L’attentatore cercò di fuggire ma lo inseguirono e lo catturarono. Aveva in tasca una dose di cianuro che inghiottì ma il veleno, forse mal conservato, non fu sufficientemente efficace. Lo fece vomitare per un’ora ma non lo uccise come lui avrebbe voluto. Il corteo delle auto, dapprima scompaginato, si rimise in ordine e s’infilò nel cortile del municipio. «Questa è la vostra accoglienza?» urlò l’arciduca. «Vengo amichevolmente in visita e qualcuno mi lancia una bomba. È oltraggioso!»

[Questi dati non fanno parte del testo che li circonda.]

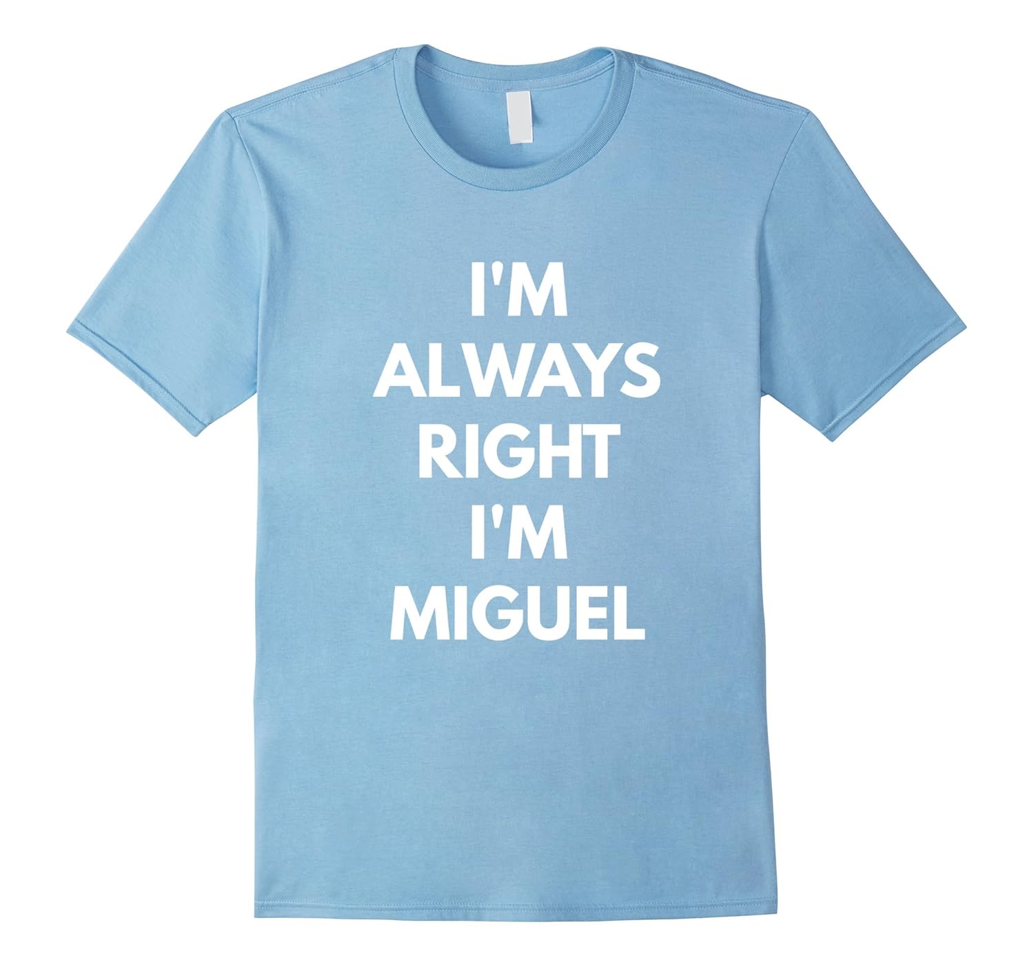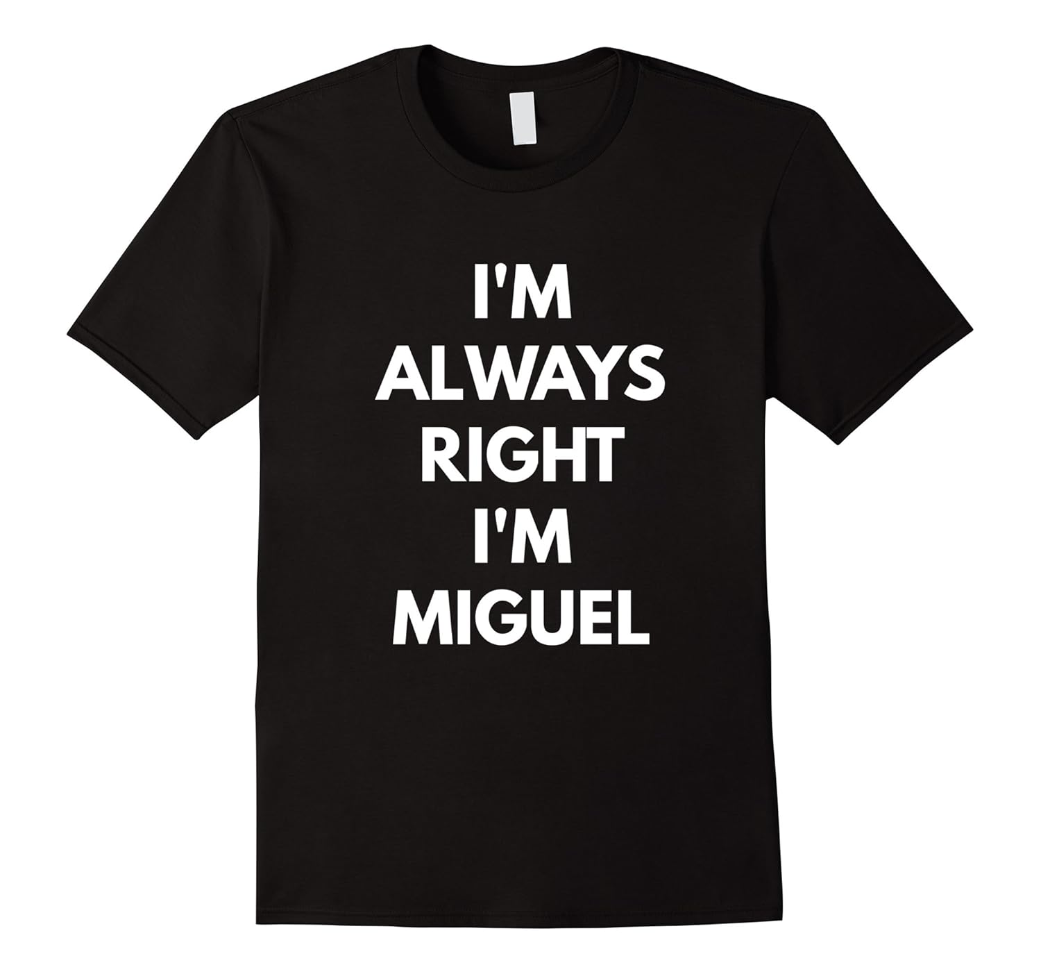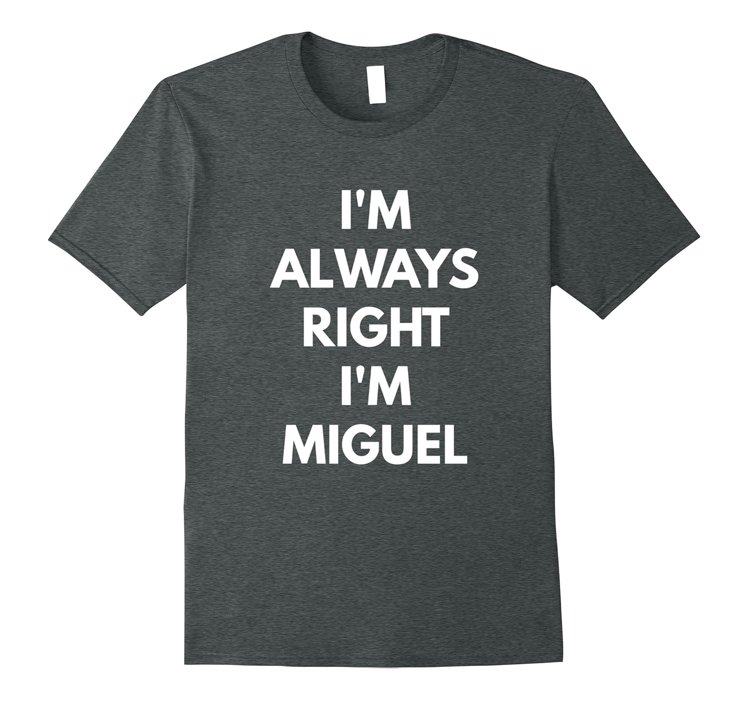 Solid colors: 100% Cotton; Heather Grey: 90% Cotton, 10% Polyester; All Other Heathers: 65% Cotton, 35% Polyester, Imported, Machine wash cold with like colors, dry low heat, Funny sarcastic shirt to wear if your name is Miguel. I”m Always Right I”m Miguel t-shirt sizes runs small. We recommend ordering a size up. Please see the sizing chart image for more details. Lightweight, Classic fit, Double-needle sleeve and bottom hem

Ma, a quel punto, cosa fare? Si scontrarono due scuole di pensiero. Alcuni - la maggior parte - considerarono che il pericolo fosse passato e, dunque, si poteva riprendere il programma interrotto. Pochi altri avvertirono che il rischio restava alto: meglio accontentarsi di aver subito un danno contenuto e terminare la visita. Così, fra due proposte, ne venne adottata una terza di mediazione. Né proseguire né interrompere ma partecipare solo agli appuntamenti in spazi ampi dove le aggressioni non potevano avere luogo.

Fu necessario modificare il tragitto ma i cambiamenti di percorso non vennero comunicati agli autisti che seguirono le vecchie indicazioni. Perciò, sul lungofiume, anziché tirare dritto verso la Miliazka, girarono a destra in via Francesco Giuseppe. In quel momento, svoltò anche la Storia. «Halten!». L’autista della prima auto venne corretto: aveva sbagliato strada e doveva fare marcia indietro. Si fermò ma la seconda e la terza auto gli finirono sotto e pure loro, in una viuzza assai stretta, iniziarono a manovrare per tornare indietro. Gavrilo Princip era proprio lì e si trovò l’arciduca di fronte. Aveva la bomba ma era avvitata e ci voleva troppo tempo per innescarla. Aveva anche una pistola e fece fuoco. Un proiettile trapassò la carrozzeria dell’automobile, forò il divanetto di pelle e uccise Sofia. La seconda palla colpì Francesco Ferdinando al collo.

Nei giorni precedenti, Gavrilo Princip, sparando per impratichirsi, non riusciva a centrare il tronco di una quercia da sei metri di distanza.